## AVAILABLE DATA

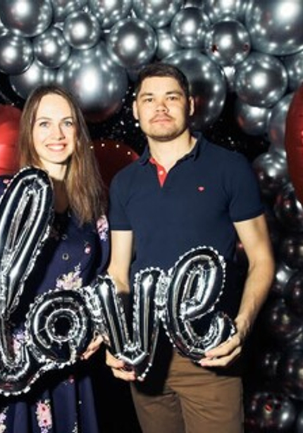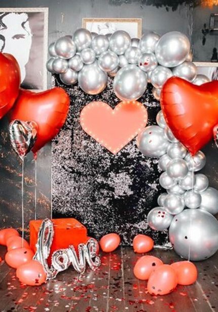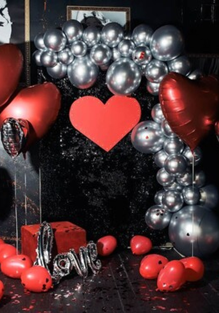Когда день рождения в феврале — валентинова тематика так и напрашивается! А какой девушке не понравится стильное оформление с сердечками? Для нашей именинницы оформили очень лаконичный праздник, в темных тонах, но зато с яркими акцентами красного цвета! Особенное внимание привлекал светильник-сердце в самой середине фотозоны.
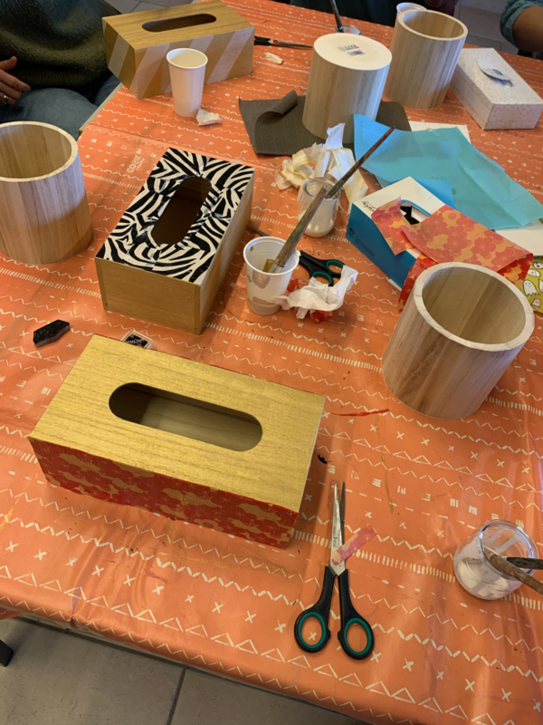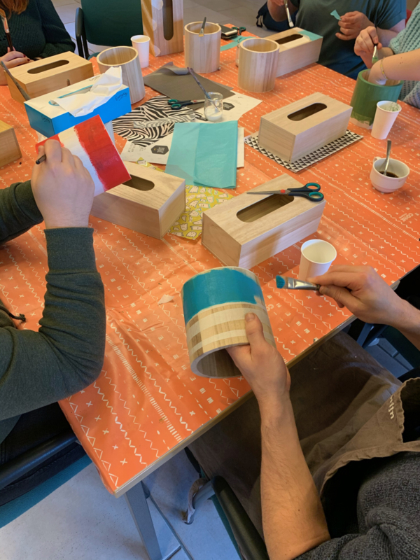 We gaan aan de slag met verf, acrylstiften, collagepapier en lijm en toveren blanco houten materialen om tot echte eye catchers.
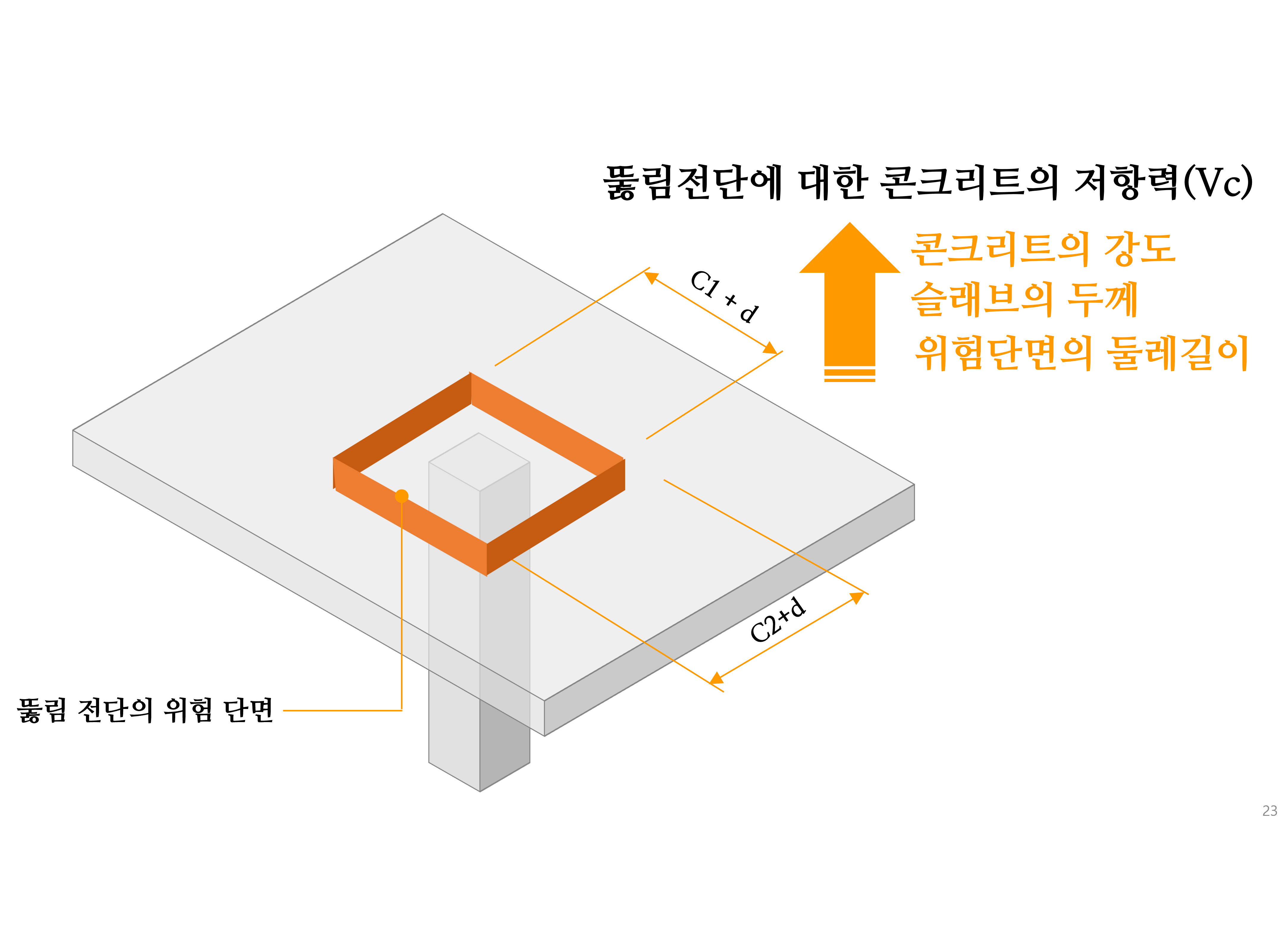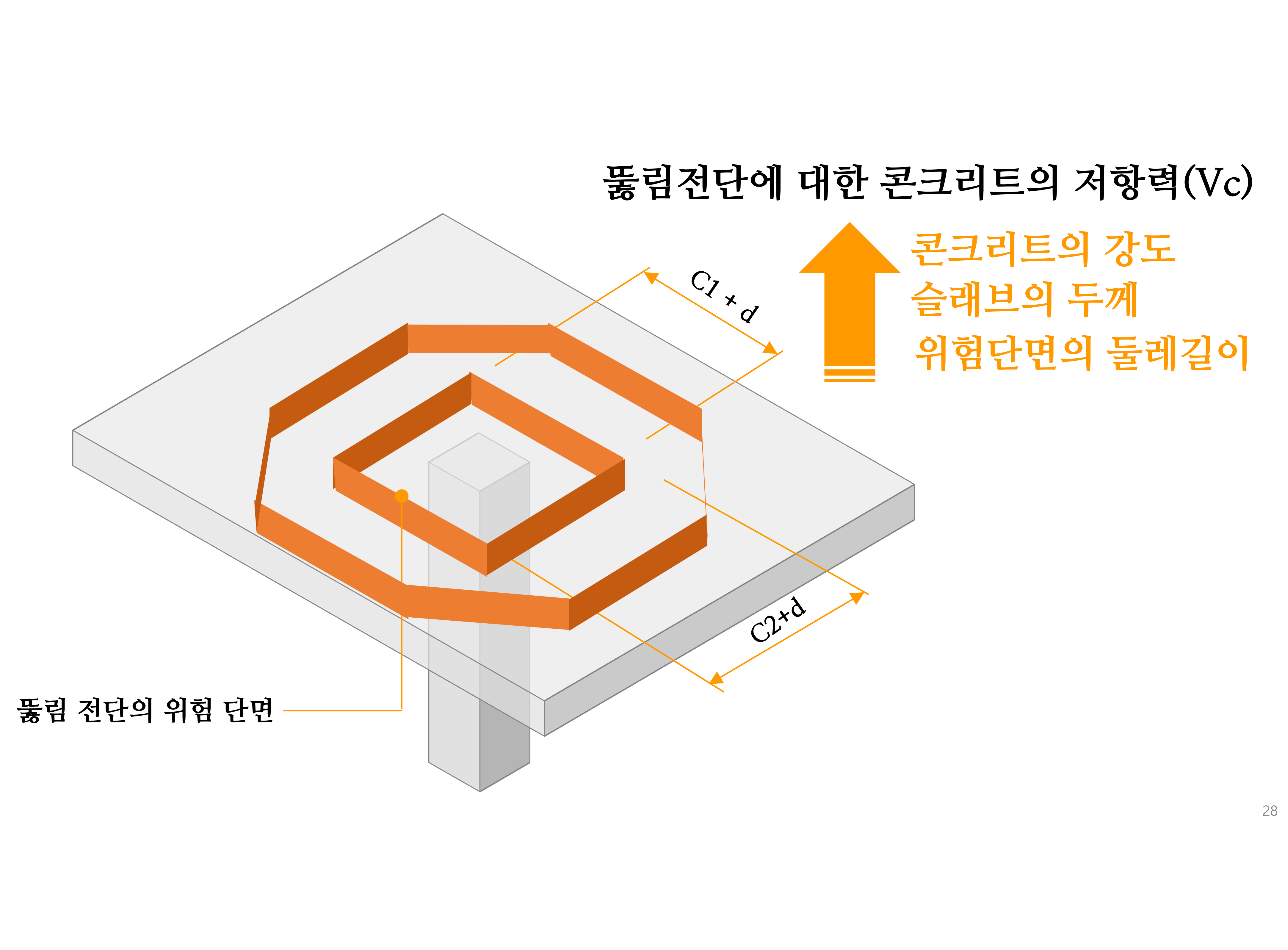 이 콘크리트의 저항력은 콘크리트의 강도가 클수록, 슬래브의 두께가 두꺼울수록, 위험단면의 둘레길이가 길수록 커지게 됩니다. 그래서 플랫 슬래브에서는 기둥 위쪽에 지판을 만들어서 슬래브 두께를 키우는 것입니다.

## WHAT IS REQUIRED
Each line from the first line of the data above through the one containing "We gaan aan" must be set down exactly; the pictures must not be.

## RESULT
Когда день рождения в феврале — валентинова тематика так и напрашивается! А какой девушке не понравится стильное оформление с сердечками? Для нашей именинницы оформили очень лаконичный праздник, в темных тонах, но зато с яркими акцентами красного цвета! Особенное внимание привлекал светильник-сердце в самой середине фотозоны.
 We gaan aan de slag met verf, acrylstiften, collagepapier en lijm en toveren blanco houten materialen om tot echte eye catchers.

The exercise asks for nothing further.